Activated CD44+ CD62L− CD4+ T lymphocytes were isolated from pooled peritonea from day 8 infected mice (n = 3–5) stained with mAbs specific for CD4 (RM4-5), CD8 (53-6.7), CD44 (IM7), CD62L (MEL-14), I-A/I-E (M5/114.15.2), and B220 (RA-6B2) by sorting on a FACSAria III (BD).
Total RNA was isolated (RNeasy Mini kit; QIAGEN) and reverse transcribed (SuperScript II Reverse transcription; Invitrogen). Gene expression analysis was performed using SYBR Green–based real-time quantitative PCR on an ABI Prism 7900HT analyzer (Applied Biosystems). Arbitrary units represent the ratio of cytokine mRNA levels compared with hypoxanthine guanine phosphoribosyltransferase (HPRT) mRNA levels. The following primer pairs were used: Hprt, 5′-AGCCTAAGATGAGCGCAAGT-3′ (forward) and 5′-TTACTAGGCAGATGGCCACA-3′ (reverse); Ifng, 5′-ATGAACGCTACACACTGCATC-3′ (forward) and 5′-CCATCCTTTTGCCAGTTCCTC-3′ (reverse); Tnf, 5′-GCCTCTTCTCATTCCTGCTTGT-3′ (forward) and 5′-GGCCATTTGGGAACTTCTCAT-3′ (reverse); and Il10, 5′-GCTCTTACTGACTGGCATGAG-3′ (forward) and 5′-CGCAGCTCTAGGAGCATGTG-3′ (reverse).

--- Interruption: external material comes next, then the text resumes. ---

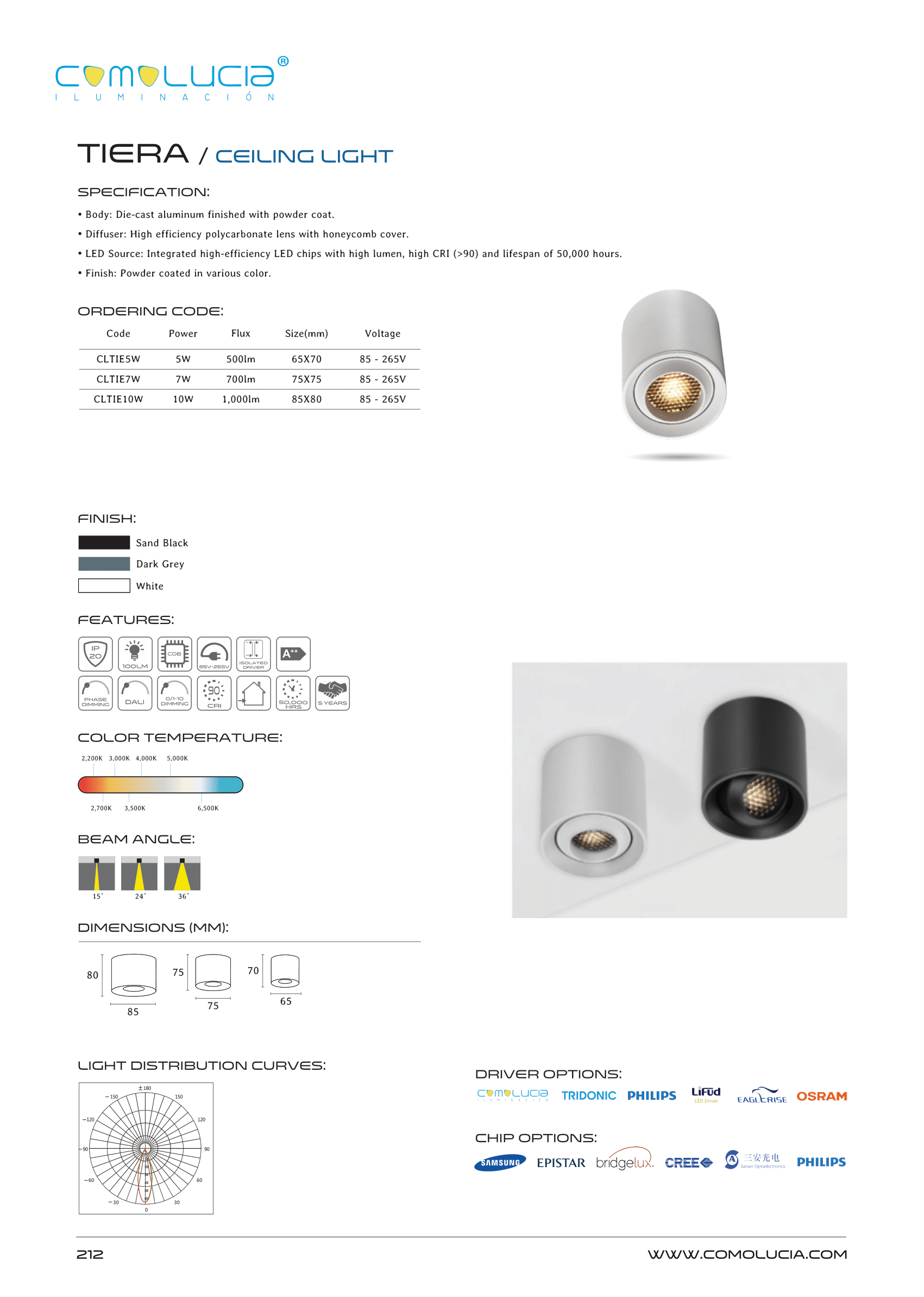 - LED Source: Integrated high-efficiency LED chips with high lumen, high CRI (>90) and lifespan of 50,000 hours.

The statistical significance of differences between data means was evaluated using a paired, two-tailed Student’s t test.

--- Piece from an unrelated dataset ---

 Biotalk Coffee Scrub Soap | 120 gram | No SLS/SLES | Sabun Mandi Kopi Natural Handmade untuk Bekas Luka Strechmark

We thank Calvin Eigsti for performing FACS sorting. We also thank Drs. Carl G. Feng and Daniel L. Barber for invaluable discussions and Drs. Jacques Peschon and Carl G. Feng for critical reading of the manuscript.
This work was supported by the Intramural Research Program of the National Institute of Allergy and Infectious Diseases, National Institutes of Health, and in part by an Intramural AIDS Research Fellowship (to D.G. Kugler).
The authors have no conflicting financial interests.